Happy Birthday to my friend D! Her birthday was Friday, and to extend the celebration, here are some of her funny quotes from the past year.
Basically, I decided not to read a productivity book last night, because it looked like a long-winded waste of time, and decided to jumpstart my productivity without it.
If I ever send a GIF, know that I meant it with the depths of my soul and thought it was Deeply Important.
I’m involved in witchcraft because of my love for pandas, apparently.
I pray for him occasionally. I also pray for everyone who knows him just in case he has not repented.

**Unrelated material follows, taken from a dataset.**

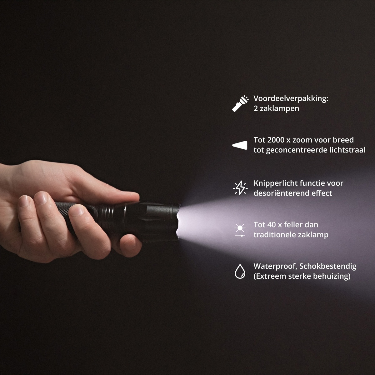 Naast het feit dat u met deze zaklamp makkelijk de weg in het donker kunt vinden, zou u met deze zaklamp bijvoorbeeld ook eenvoudig indringers kunnen desoriënteren. Bent u wel eens in het donker gefotografeerd door een camera met flitser? Dan weet u dat het 4 minuten kan duren om weer een beetje normaal te kunnen zien. Deze zaklamp is tot wel 100 keer feller, mits u deze op de zoom-stand zet. Met de zaklamp bent u dus ook altijd maximaal voorbereid op mogelijk gevaar!

In response to some disturbing Bible story coloring pages: Why do children need coloring pages about genuinely horrific things? Do we give them coloring pages about horrible events in the news to help them process them? XD
Look what just came up in my Amazon suggestions. “Game play is the same as the classic UNO game, but there’s a wild card rule unique to this deck. Look for the “Wild Power of Friendship Card”!” Uno is not about the power of friendship. It is not about cooperation. It is about cackling evilly while you make someone else draw four multiple times in a row.
What’s going to be really rough is when we reach the 2040s, and “the forties” will no longer obviously refer to the 1940s. I’m glad I realized this now so that I have twenty years to prepare myself.
Now you can no longer say, “Never have I ever spontaneously combusted.”
After using it on a Saturday: It is always Throwback Thursday when I want to be ironic while bringing up a random memory.
I had a full on fight or flight reaction to this book. And by fight or flight, I mean fight.
This novel seems like something the homeschool moms of my childhood would have adored, but I feel confident that a majority of their children would have liked it too.
I sorted through the sea of scrap paper one shots that have been accumulating on my desk, and I have SEVENTEEN stories I wrote at work that I still haven’t typed up and/or finished. So. When I get back from out of town, let’s have a writing night where I focus on typing up all of this. If I die, I don’t want someone going through THESE personal effects.
While we were in the hotel last week, I took a moment to reread a recent story and thought to myself afterwards, among other things, “The obscure C.S. Lewis quote was CHEF’S KISS!”
And then I was like, “But I am the chef. So that is an extremely vain thing to say.”
But, on the other hand, I do know my audience extremely well. XD I wrote this for myself alone, and myself thoroughly enjoys it.
Also, TBT to Dad thinking the rental van was going to break down when my sister and I were both typing about 90 wpm in different rhythms and he thought it was the car.
This has also been a fan favorite. With me being my own fandom here. XD
I accidentally pressed the panic button once at my job, and it worked! Complete panic immediately broke out!
If you have ever heard me say, “People faint FORWARD, not BACKWARD,” while watching a movie, a TV show, a skit, or playacting children, you may be eligible for compensation. You can direct your complaints to this book. [Encyclopedia Brown Solves Them All]
On special blankets in children’s entertainment and their usual horrible end: I don’t like that blanket-loving children having nothing but 1) Linus and 2) devastation.
Maybe just don’t sell your Cursed Objects for $25 or any other price?
I only just learned last year that Stitch is an alien. I was SHOCKED. I knew that ohana means family, and that family means no one gets left behind, because the Internet drilled that into me, but I had no CLUE that Stitch was an alien.
On a children’s historical fiction book: It’s fairly depressing, but in a historically accurate way.
Since I am already telling such a ridiculously lengthy tale, I’ll throw in the detail for free that I spent time admiring a cute guy’s nose for maybe fifteen minutes while we waited to get started.
Whenever I run out of creative ideas, I just start drawing. I let the muse take me into darkness and creepy faces.